■ Instructions to follow
Reproduce the entries below exactly, but only from the line containing "Figure 2 makes" to the line containing "The Chief of", inclusive.

■ Available data
━━━━━━━━━━━━━━━━━━━━

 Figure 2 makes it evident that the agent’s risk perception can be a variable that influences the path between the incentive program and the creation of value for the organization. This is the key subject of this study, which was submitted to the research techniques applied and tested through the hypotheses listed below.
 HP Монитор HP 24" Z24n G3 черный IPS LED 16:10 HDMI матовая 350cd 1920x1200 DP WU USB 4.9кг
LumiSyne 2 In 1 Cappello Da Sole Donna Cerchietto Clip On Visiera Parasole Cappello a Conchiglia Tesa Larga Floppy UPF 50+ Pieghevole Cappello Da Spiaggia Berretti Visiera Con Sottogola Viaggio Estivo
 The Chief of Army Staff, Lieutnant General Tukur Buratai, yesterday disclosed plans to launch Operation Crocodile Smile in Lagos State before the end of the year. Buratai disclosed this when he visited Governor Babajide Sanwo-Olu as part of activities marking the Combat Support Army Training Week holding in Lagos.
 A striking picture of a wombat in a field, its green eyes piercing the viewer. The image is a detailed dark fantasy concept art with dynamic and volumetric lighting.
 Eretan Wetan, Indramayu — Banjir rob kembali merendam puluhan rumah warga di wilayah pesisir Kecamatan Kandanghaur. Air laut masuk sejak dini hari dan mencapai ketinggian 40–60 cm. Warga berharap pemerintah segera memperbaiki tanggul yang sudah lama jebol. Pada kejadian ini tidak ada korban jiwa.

━━━━━━━━━━━━━━━━━━━━

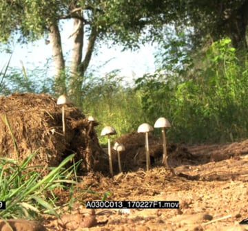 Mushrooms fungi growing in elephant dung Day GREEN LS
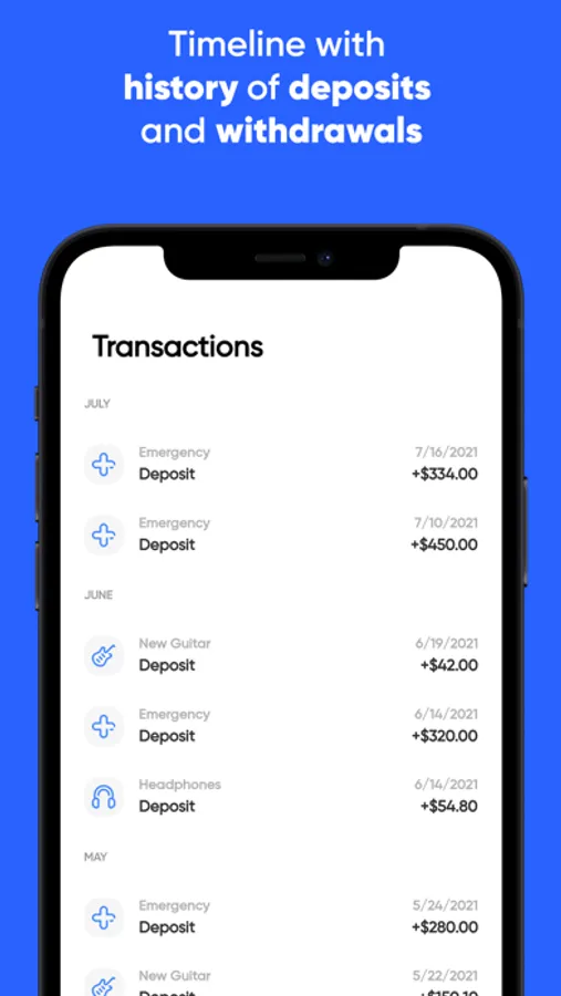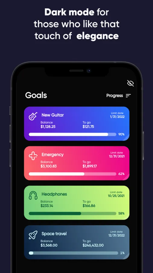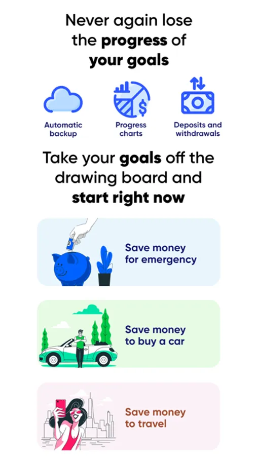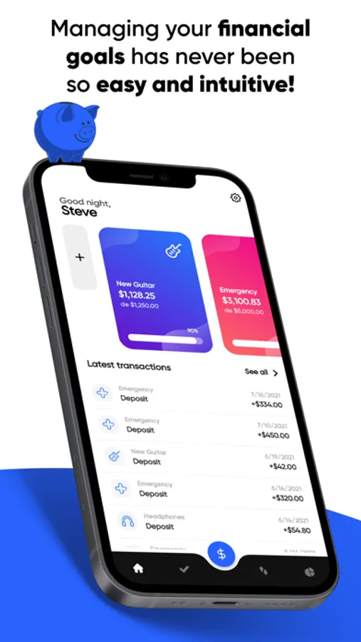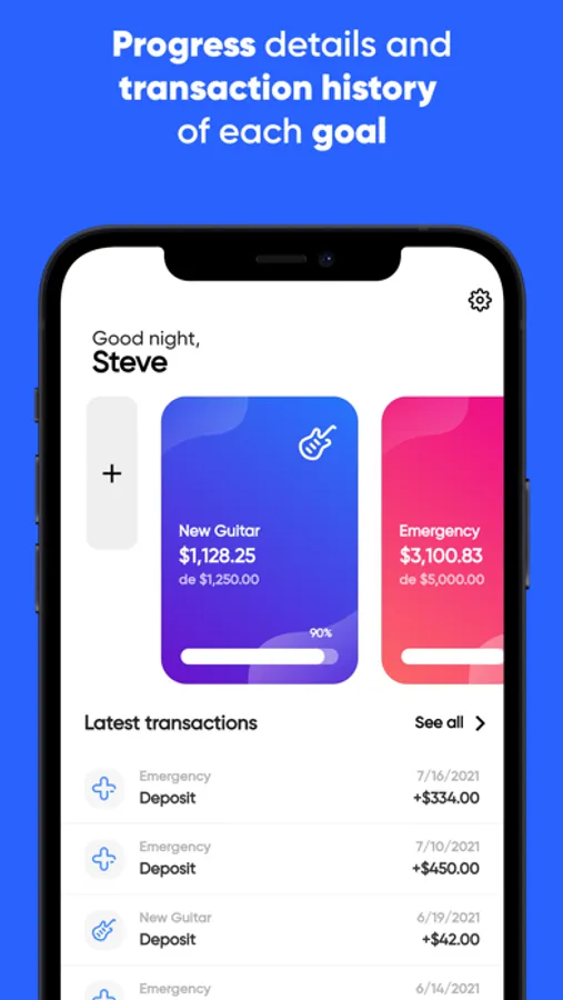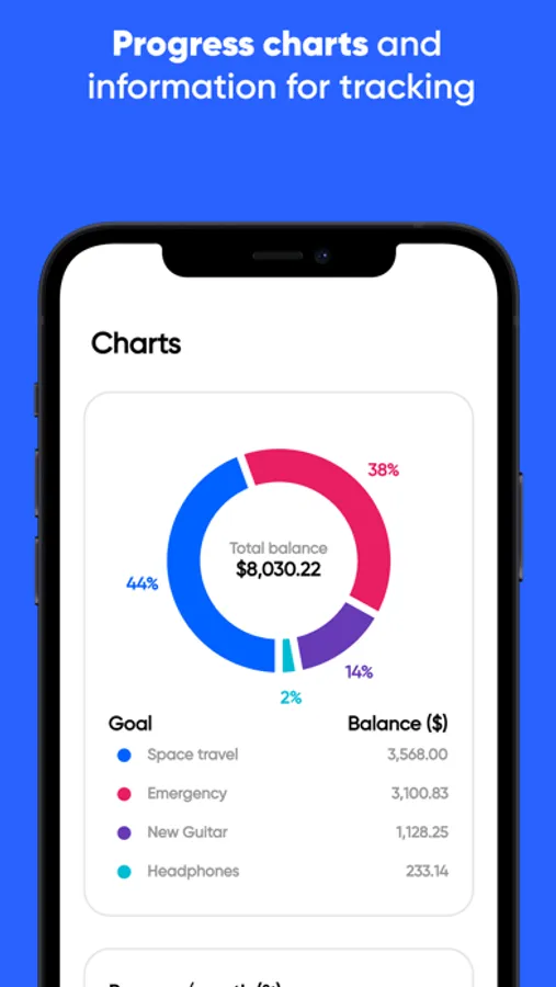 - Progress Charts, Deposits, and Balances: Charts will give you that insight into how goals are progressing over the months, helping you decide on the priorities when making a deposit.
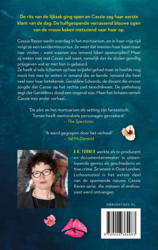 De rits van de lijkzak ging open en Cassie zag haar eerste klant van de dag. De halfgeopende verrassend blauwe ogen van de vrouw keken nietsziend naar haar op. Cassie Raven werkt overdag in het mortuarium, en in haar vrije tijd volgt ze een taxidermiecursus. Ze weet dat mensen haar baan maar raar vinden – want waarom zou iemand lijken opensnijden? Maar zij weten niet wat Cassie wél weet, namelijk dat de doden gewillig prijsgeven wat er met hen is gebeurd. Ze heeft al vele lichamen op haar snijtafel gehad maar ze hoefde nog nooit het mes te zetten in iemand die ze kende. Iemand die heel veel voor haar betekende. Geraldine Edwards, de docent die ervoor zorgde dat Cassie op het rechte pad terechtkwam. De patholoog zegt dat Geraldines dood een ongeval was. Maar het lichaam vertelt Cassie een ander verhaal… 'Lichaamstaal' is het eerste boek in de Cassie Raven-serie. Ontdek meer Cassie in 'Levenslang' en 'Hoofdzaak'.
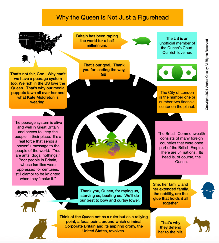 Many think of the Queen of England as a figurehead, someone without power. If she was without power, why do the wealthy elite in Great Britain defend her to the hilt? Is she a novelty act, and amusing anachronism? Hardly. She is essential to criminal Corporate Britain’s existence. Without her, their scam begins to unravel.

━━━━━━━━━━━━━━━━━━━━

■ Output
 Figure 2 makes it evident that the agent’s risk perception can be a variable that influences the path between the incentive program and the creation of value for the organization. This is the key subject of this study, which was submitted to the research techniques applied and tested through the hypotheses listed below.
 HP Монитор HP 24" Z24n G3 черный IPS LED 16:10 HDMI матовая 350cd 1920x1200 DP WU USB 4.9кг
LumiSyne 2 In 1 Cappello Da Sole Donna Cerchietto Clip On Visiera Parasole Cappello a Conchiglia Tesa Larga Floppy UPF 50+ Pieghevole Cappello Da Spiaggia Berretti Visiera Con Sottogola Viaggio Estivo
 The Chief of Army Staff, Lieutnant General Tukur Buratai, yesterday disclosed plans to launch Operation Crocodile Smile in Lagos State before the end of the year. Buratai disclosed this when he visited Governor Babajide Sanwo-Olu as part of activities marking the Combat Support Army Training Week holding in Lagos.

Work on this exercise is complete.